What the task asks:
The answer should consist of the full listing below, repeated exactly and free of pictures.

Dataset section START

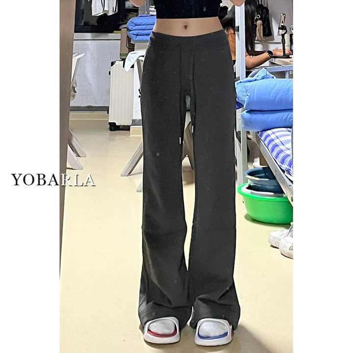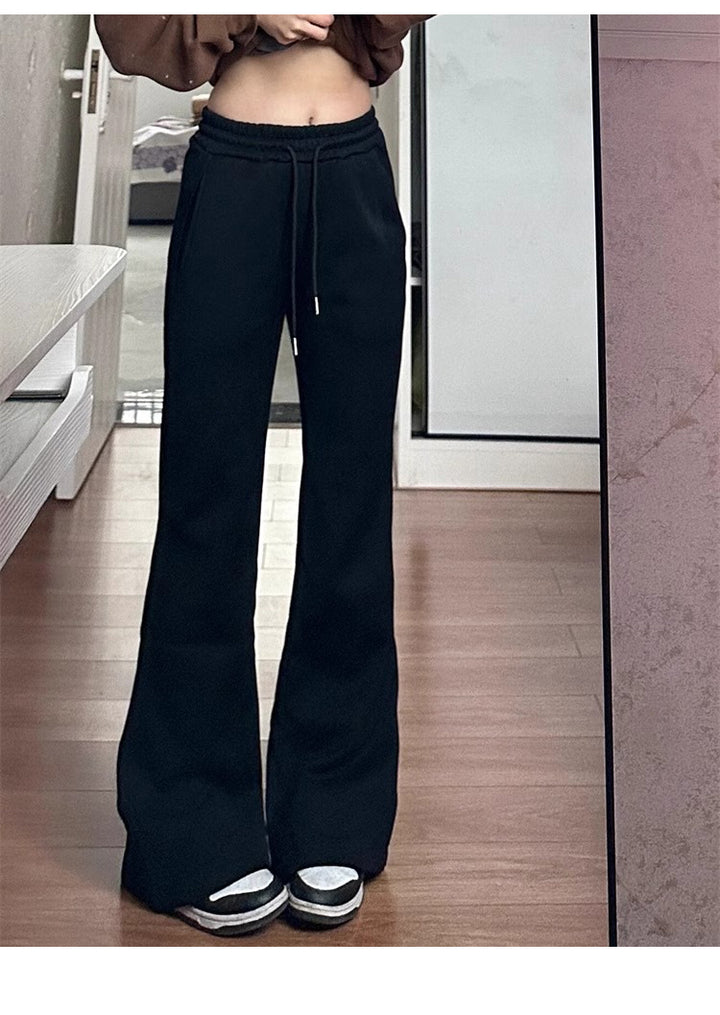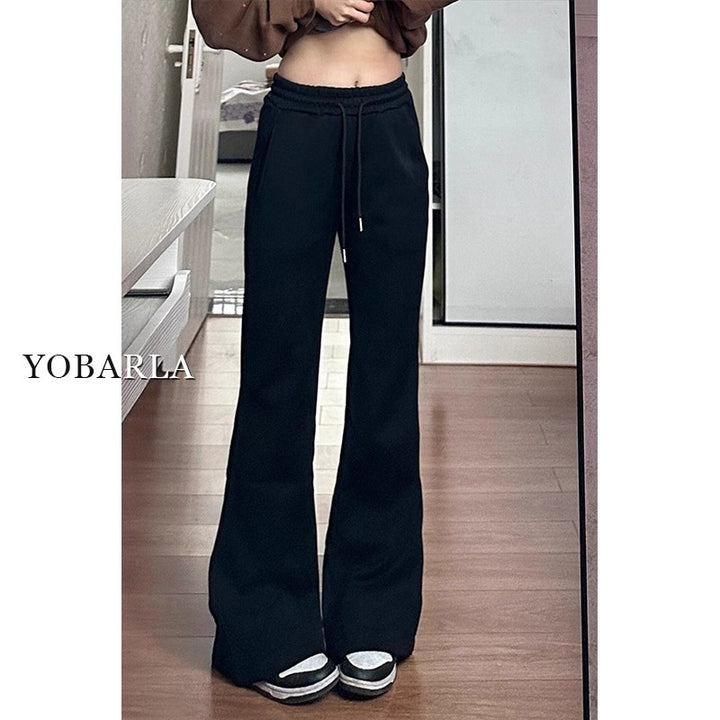 Women's black flared casual pants, autumn and winter style, fleece-lined, thickened, stretchy, plus size, flattering for pear-shaped figures, sporty sweatpants.
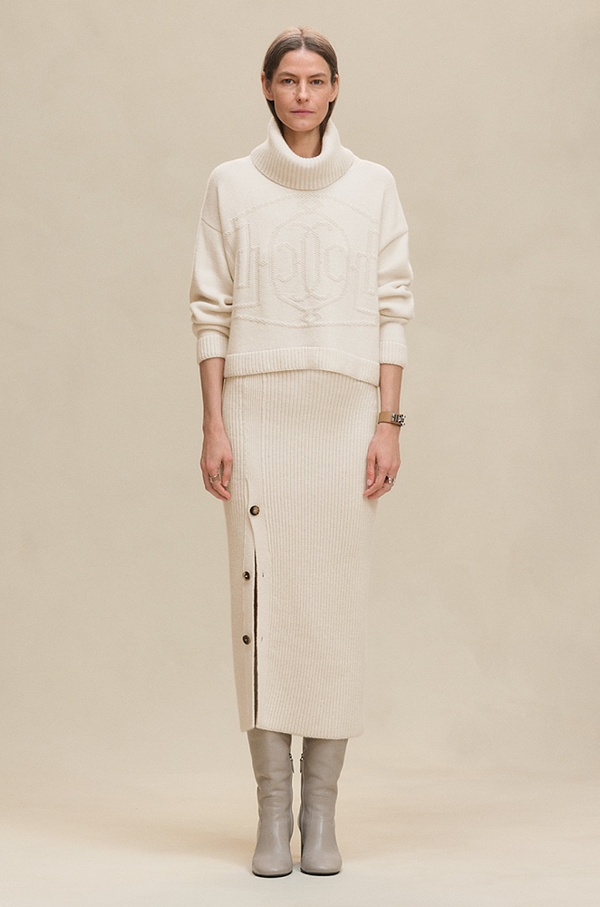 • Two-piece wool-cashmere knit set: turtleneck sweater + ribbed button midi skirt
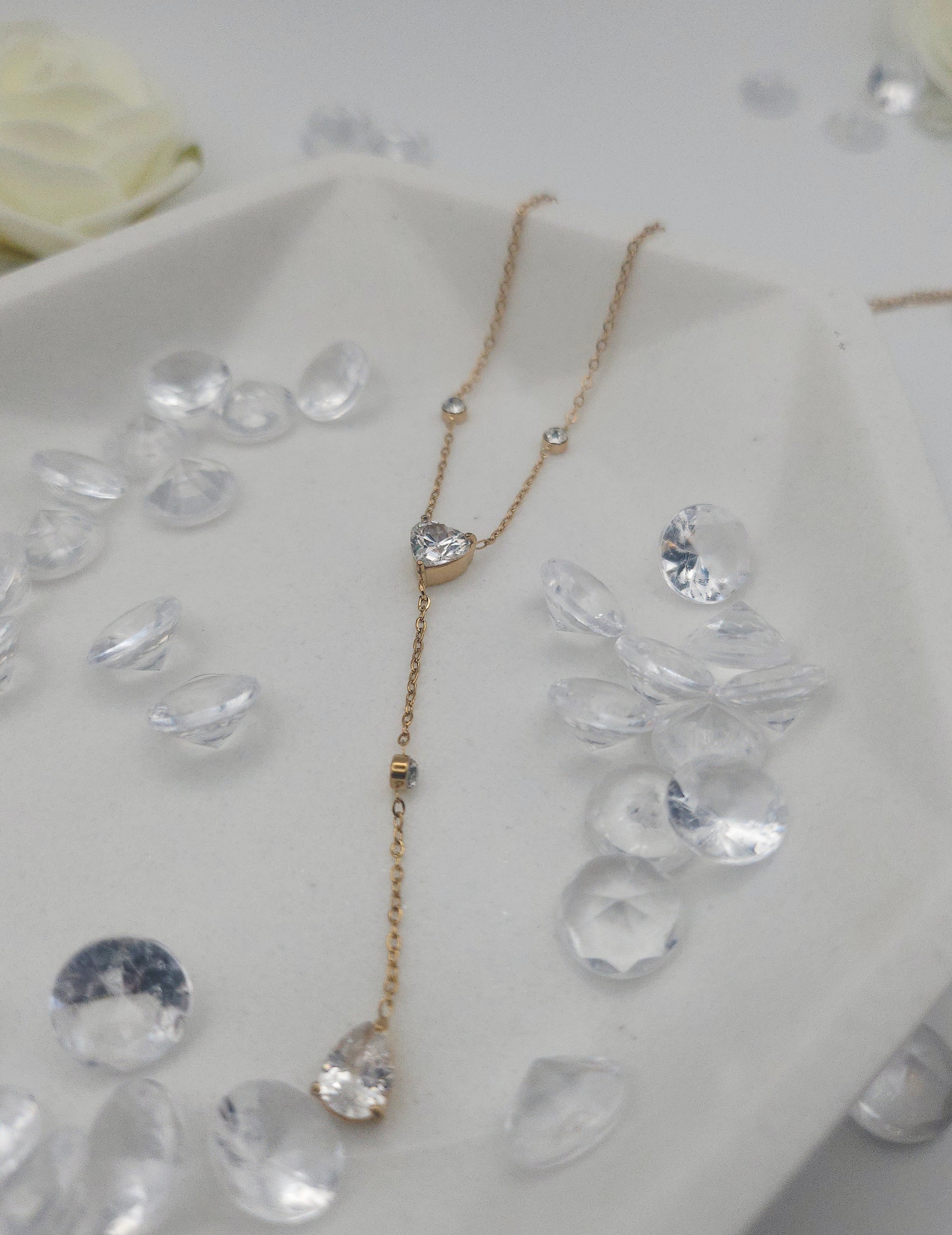Sa chaîne délicate à la finition dorée est ornée de plusieurs pierres de zircon étincelantes, créant un effet de cascade lumineuse. ✨

Dataset section END

Solution to this task:
 Women's black flared casual pants, autumn and winter style, fleece-lined, thickened, stretchy, plus size, flattering for pear-shaped figures, sporty sweatpants.
 • Two-piece wool-cashmere knit set: turtleneck sweater + ribbed button midi skirt
Sa chaîne délicate à la finition dorée est ornée de plusieurs pierres de zircon étincelantes, créant un effet de cascade lumineuse. ✨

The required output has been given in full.